▸ **Records from a data source**
*** Begin section ***

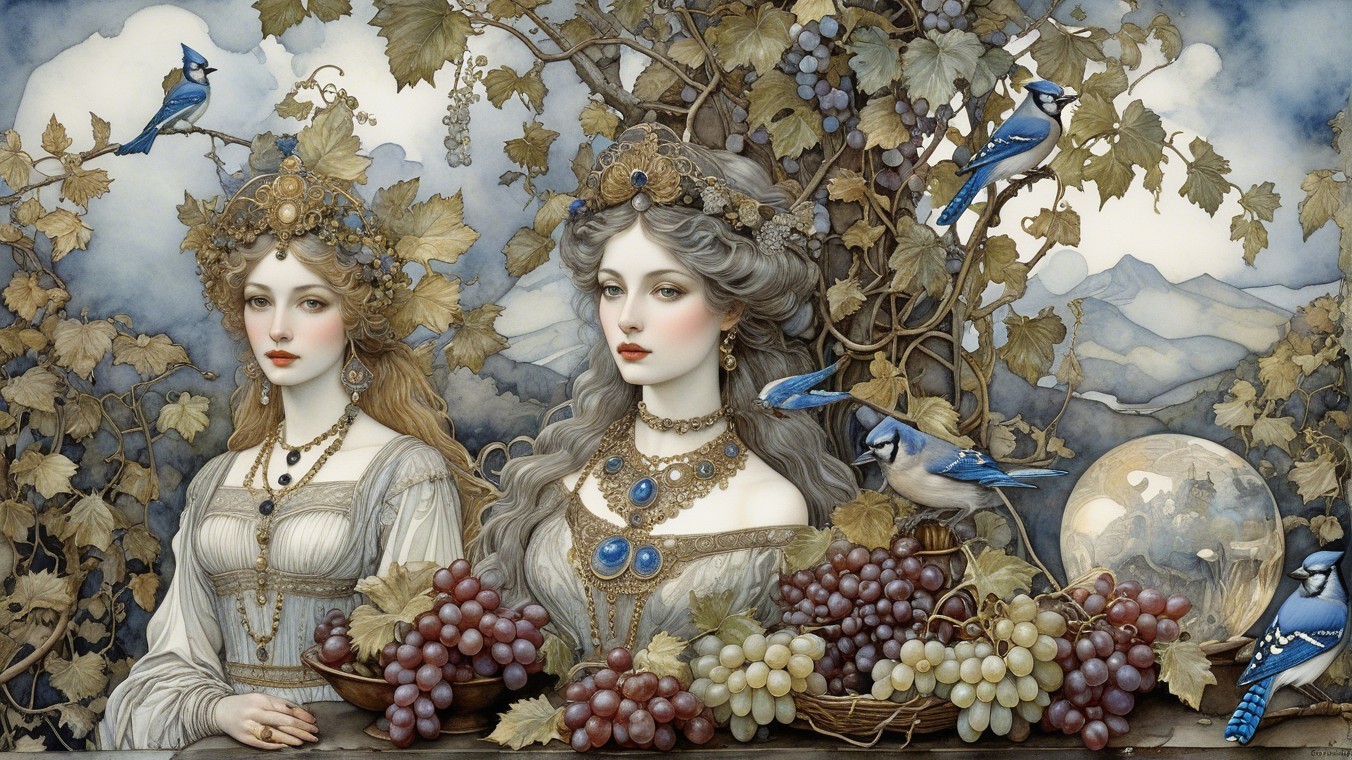 Two elegant women adorned with grape adornments and intricate jewelry are surrounded by lush vines and blue jays. The backdrop features rolling hills under a serene moonlit sky.
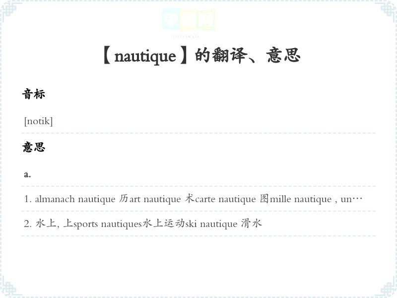 【nautique】是什么意思、字义解释
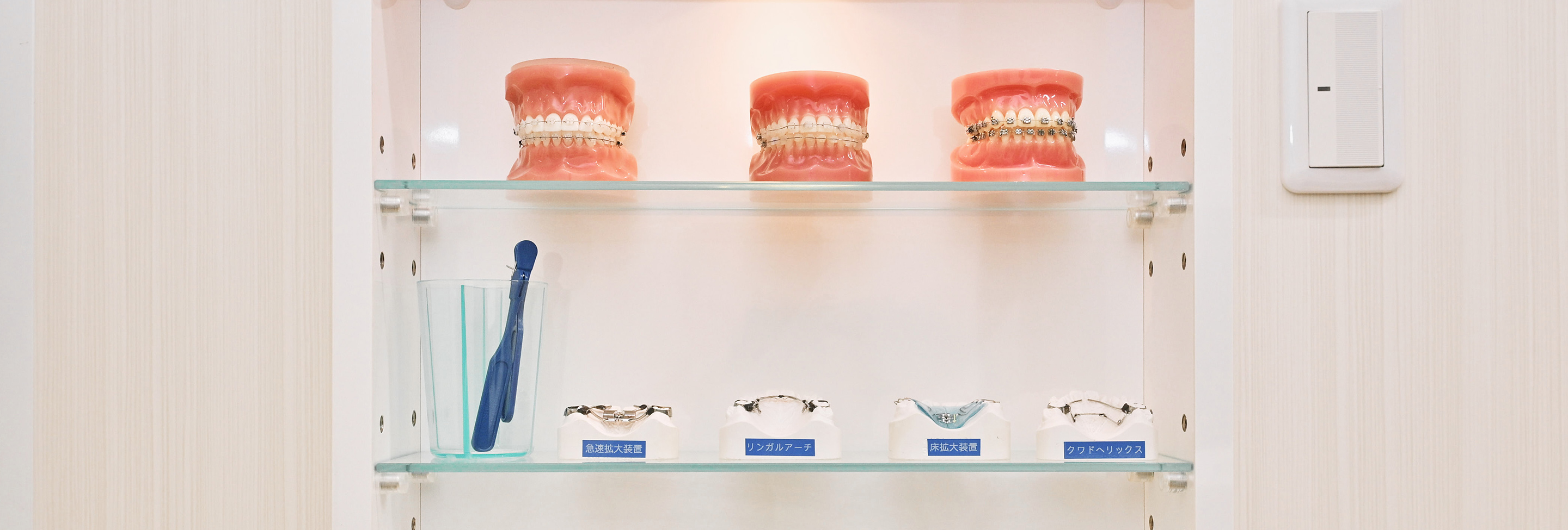 矯正装置を装着すると歯と装置の境目に汚れが溜まりやすくなります。お口の中を清潔に保っていただくために、当院では治療開始前に口腔衛生指導(歯磨き指導)を行っています。歯磨きがしっかりとできるようにしてから、矯正治療を開始します。
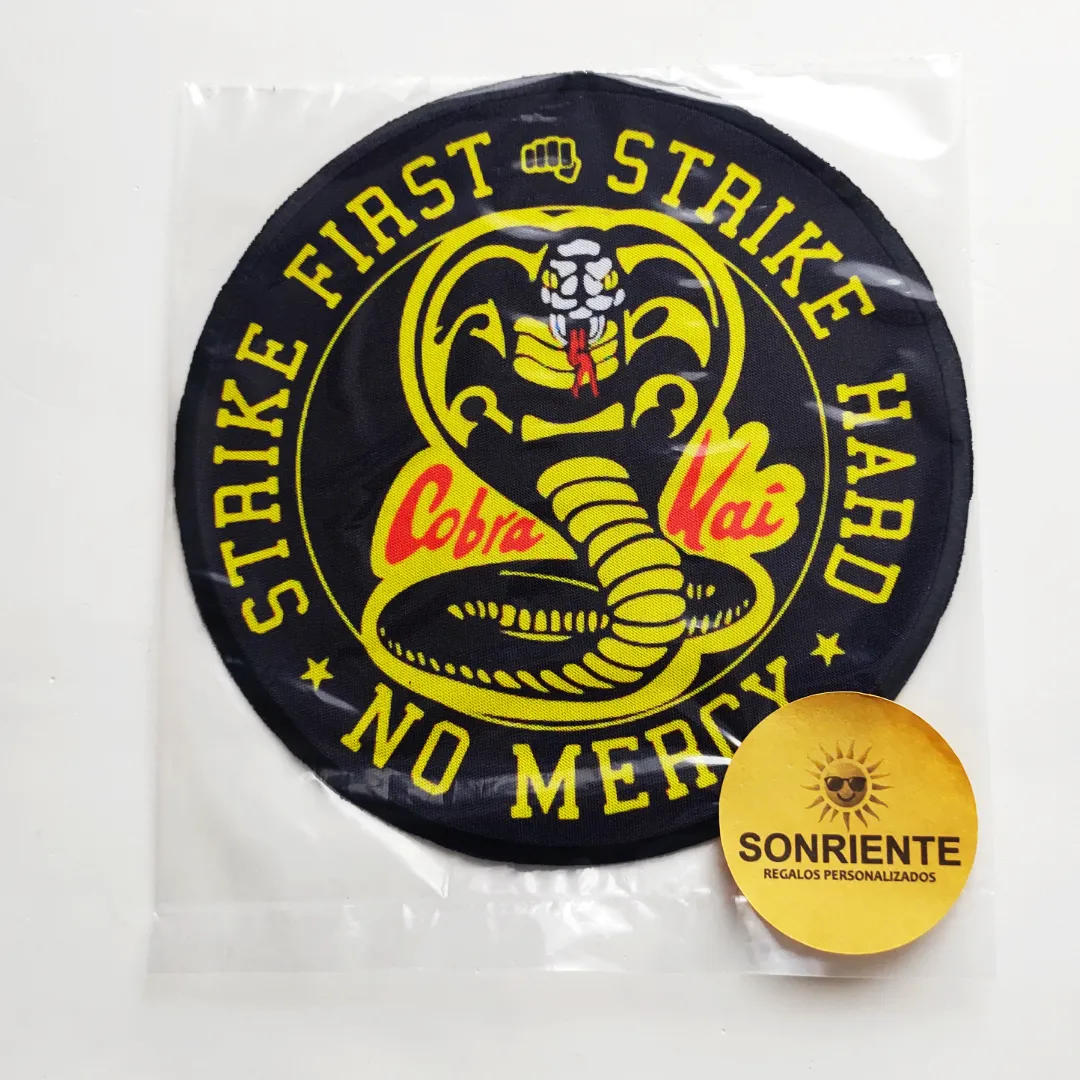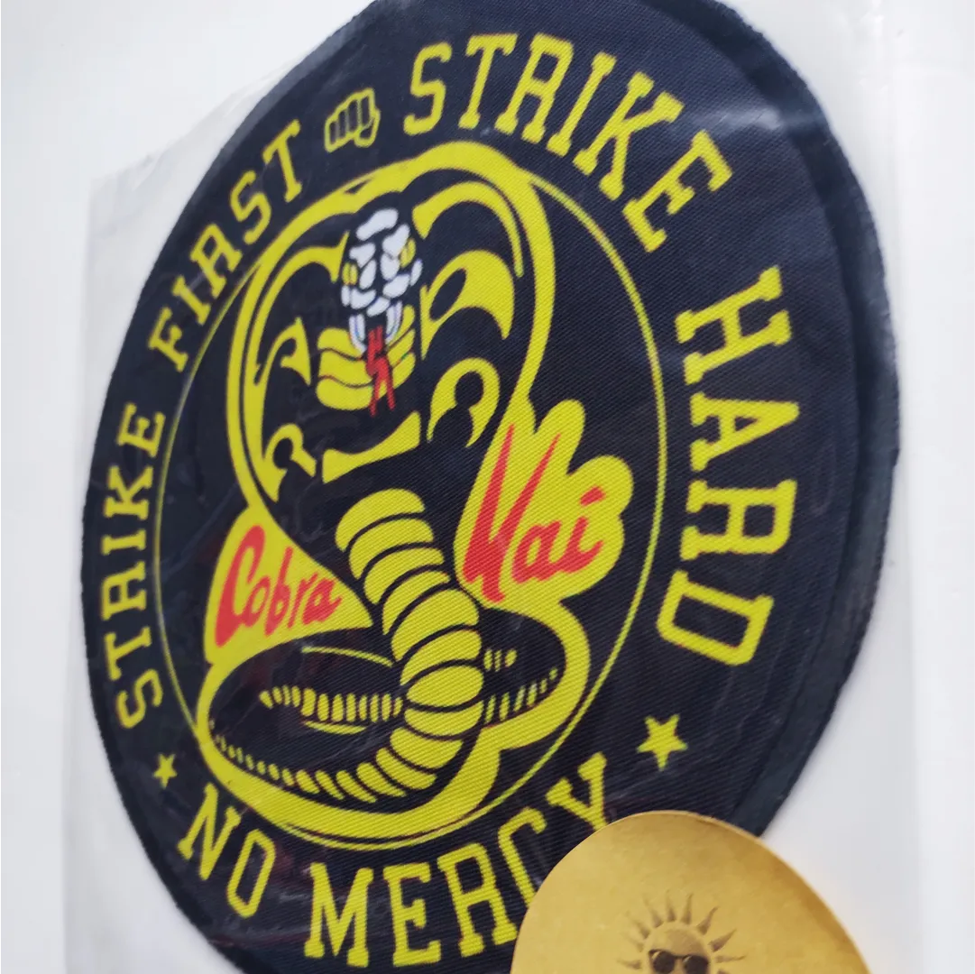 Espaldera sublimada con diseño de la banda Cobra Kai ideal para chaquetas de mezclilla, disfraces o cosplays.
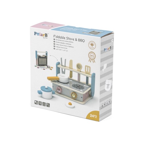 מטבח צעצוע נייד מעץ עם כיריים 2 ב-1 כיריים בצד אחד וגריל ברביקיו

*** End section ***

▸ **WHAT TO WORK ON**
Would you return the data exactly as written, without the pictures?

▸ **WRITTEN RESPONSE**
 Two elegant women adorned with grape adornments and intricate jewelry are surrounded by lush vines and blue jays. The backdrop features rolling hills under a serene moonlit sky.
 【nautique】是什么意思、字义解释
 矯正装置を装着すると歯と装置の境目に汚れが溜まりやすくなります。お口の中を清潔に保っていただくために、当院では治療開始前に口腔衛生指導(歯磨き指導)を行っています。歯磨きがしっかりとできるようにしてから、矯正治療を開始します。
 Espaldera sublimada con diseño de la banda Cobra Kai ideal para chaquetas de mezclilla, disfraces o cosplays.
 מטבח צעצוע נייד מעץ עם כיריים 2 ב-1 כיריים בצד אחד וגריל ברביקיו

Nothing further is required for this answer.